Он цитирует письмо Эппа, полученное общиной уже после выхода из пустыни, в котором тот сравнивает двенадцать погибших детей с двенадцатью камнями. «Когда Иордан расступился перед Израилем при входе в землю ханаанскую, Господь повелел им в память положить двенадцать камней на место взятых из Иордана[19]. И мы, Израиль духовный, положили двенадцать камней — двенадцать тел маленьких детей, — прообразом которых стали библейские камни».
Слова чего? Утешения? «Но есть ли хоть какой-то толк в таком отношении? — вопрошал Барч. — Что это может изменить?» Знаки обозначают предметы, тени повторяют форму сущности, это понятно, но почему именно эти знаки? До конца пути не дожил ни один ребенок младше четырех лет.

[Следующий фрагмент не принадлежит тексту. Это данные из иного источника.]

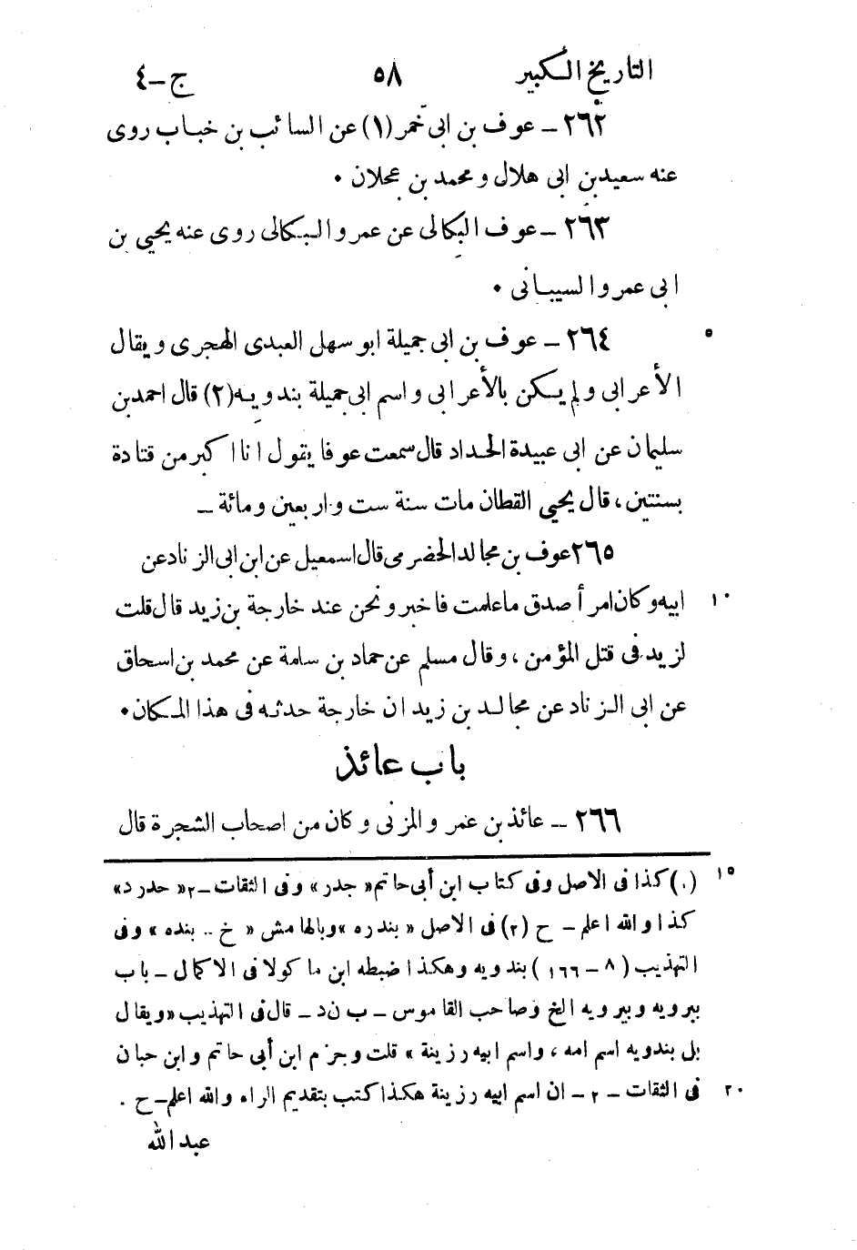 264 - عَوْف بْن أَبِي جميلة أَبُو سهل العبدي الْهِجْرِيّ ويقَالَ الأعرابي ولم يكن بالأعرابي واسم أَبِي جميلة بندويه (2) قَالَ أَحْمَد بْن سُلَيْمَان عَنْ أَبِي عُبَيْدة الحداد قَالَ سَمِعْتُ عوفا يَقُولُ أنا أكبر من قتادة بسنتين، قَالَ يَحْيَى القطان مات سنة ست وأربعين ومائة -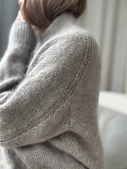 The sweater is worked from top to bottom. First stitches are cast on for the neck, which is worked back and forth with increases on both sides to shape the upper back. Then stitches are picked up along the shoulder edge, and the shoulders are worked individually back and forth – first with short rows and then with increases for the neck. The front piece and back piece are then joined for the body which is worked in the round. The neck stitches are picked up along the neck opening and the neckband is worked in the round in ribbing. Sleeve stitches are picked up around the armhole, and sleeves are worked individually in the round with decreases along the ribbing panel and are then finished with a ribbing edge and Italian bind off.

Кем же был Клаас Эпп-младший, который так запросто раскладывал мир на знаки? Я держу в руках снимок, на котором он запечатлен с женой и дочерью. Зачесанные влево волосы спадают на широкую светлую бровь. Крупные уши, слегка уплощенное лицо, борода жиденькая, так что ее легко принять всего лишь за тень. Обращаю внимание на его левую руку, покоящуюся на колене: указательный и средний пальцы накрывают и слегка прижимают руку дочки, возможно, чтобы маленькая девочка стояла спокойно перед камерой, а может, чтобы привнести немного тепла в чопорный, традиционный семейный портрет. У него большие глаза. Покатые плечи. Черный галстук. В объектив смотрит только жена, но ее лицо непроницаемо. Примерно в то же время, когда была сделана фотография, Эпп разъезжал на своем холеном коне по меннонитским селениям в России и распространял экземпляры своего труда «Разгаданное пророчество пророка Даниила и толкование Откровения об Иисусе Христе». Входил в дома со своим атласом. Говорил о жене, облеченной в солнце, Наполеоне-Антихристе и испытаниях последних дней. Фотография искушает меня посмотреть на прошлое с высоты знания будущего, разглядеть бледный свет пророчества в его неподвижном серьезном взгляде, прочесть в изгибе безусых губ честолюбивый порыв богатого, успешного человека, открывшего в себе духовное призвание. Как торопил он своих последователей покинуть Россию! Он был не единственным проповедником, ратовавшим за переселение на Восток, но первым, кого люди послушались. В изгибе его руки мне хочется уловить алчность. Что-нибудь пугающее или тревожное во взгляде. Но это потому, что я знаю, как развивались события.
Когда будущее известно, во всем видится предзнаменование. Событие представляется неизбежным. Пророчества отнюдь не похожи на свидетельства очевидцев. Даже оглядываясь назад, хронист больше заинтересован в запечатлении особенностей каждого происходившего события, чем в его результате. Якоб Янцен, который во время перехода был подростком, вспоминал сгущавшуюся атмосферу смерти. «Дети все слабели и слабели, пока наконец не умирали, — отмечал он в своих воспоминаниях, записанных многие годы спустя в Оклахоме, когда ему было уже семьдесят пять. — Многих деточек схоронили матери в той земле». Иногда тела надеялись довезти до ближайшего города, чтобы купить досок на гроб. Иногда надежды не оставалось, и тела хоронили прямо в песке. Так получилось с семьей Коппер, у которых в три дня умерли трое малышей.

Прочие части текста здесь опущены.